78

Parco Nazionale del Vesuvio News of the fresh body sites spread like a bushfire across the excavation site. Franco Castellani didn't know it, but this was the reason why he was able to slip, unseen, past the carabinieri and down the steep Vesuvian hillside.

As the rugged parkland gave way to the winding, potholed road that took busloads of tourists to the summit, he jammed the old Glock back into the waistband of his jeans. The retching had stopped but his head was still pounding and he remained desperately thirsty.

On the road below, filled with noise and crowds of people, he felt strangely alien again. Alone in the woods he'd enjoyed not being stared at or whispered about. Now that luxury was gone.

The old horrors were back.

A middle-aged man stepped from a Mercedes and frowned when he saw him; a woman crossing the road turned her head to check what she'd seen; a mother, bending down to fasten her toddler's coat, shielded the child's eyes when she spotted him. All standard stuff. All layers of humdrum humiliation that were regularly piled on top of him. But today Franco felt more vulnerable than ever. Today he felt bad enough to shoot them all.

Every fucking one of them.

The Glock could end their prejudice, wipe it all out in just a single, sweet burst of ear-splitting gunfire. His blood fizzed at the thought of it.
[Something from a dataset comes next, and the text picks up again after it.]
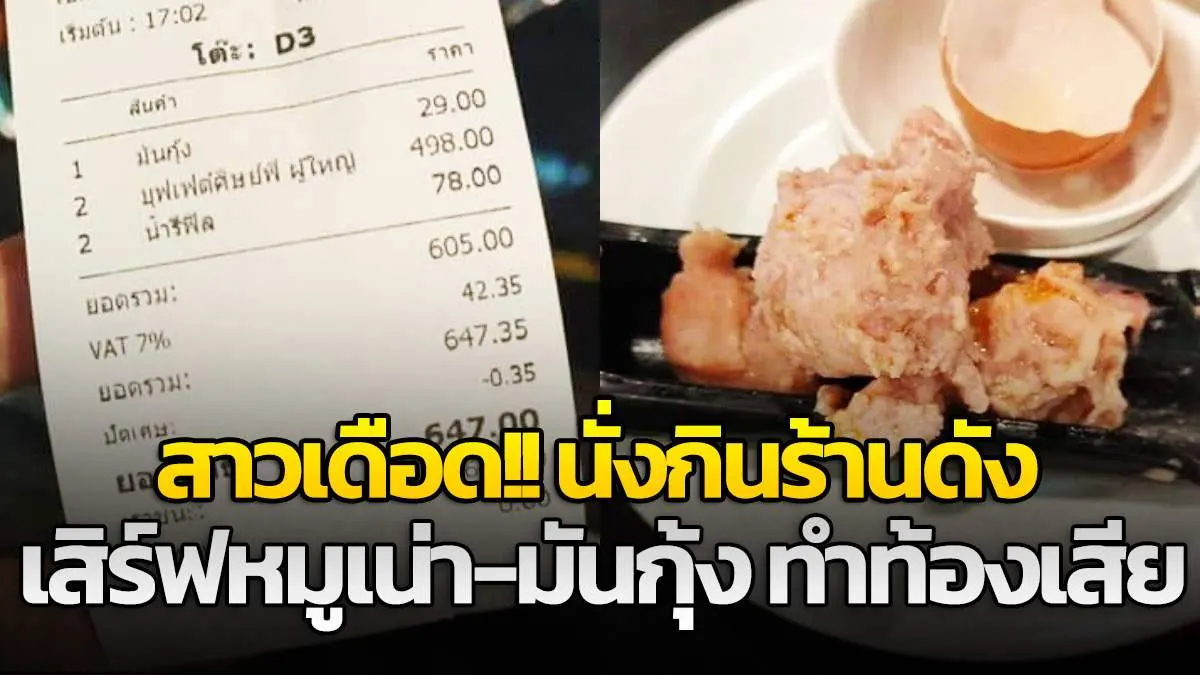 สาวเดือด!! นั่งกินร้านดัง เสิร์ฟหมูเน่า-มันกุ้ง ล่าสุดท้องเสีย

Umberto Leopardi kept an old supermercato on a road off the junction with the A3. He also kept bottled water in stacked trays just inside the door. Two litres of Ferrarelle, fresh from the nearby Val D'Assano, vanished before Umberto had even looked up from the counter. Near the front window of neighbouring Buscaglia's was a rack of stacked snacks. Two fat packs of patatine fritte disappeared with the same deftness as had the water.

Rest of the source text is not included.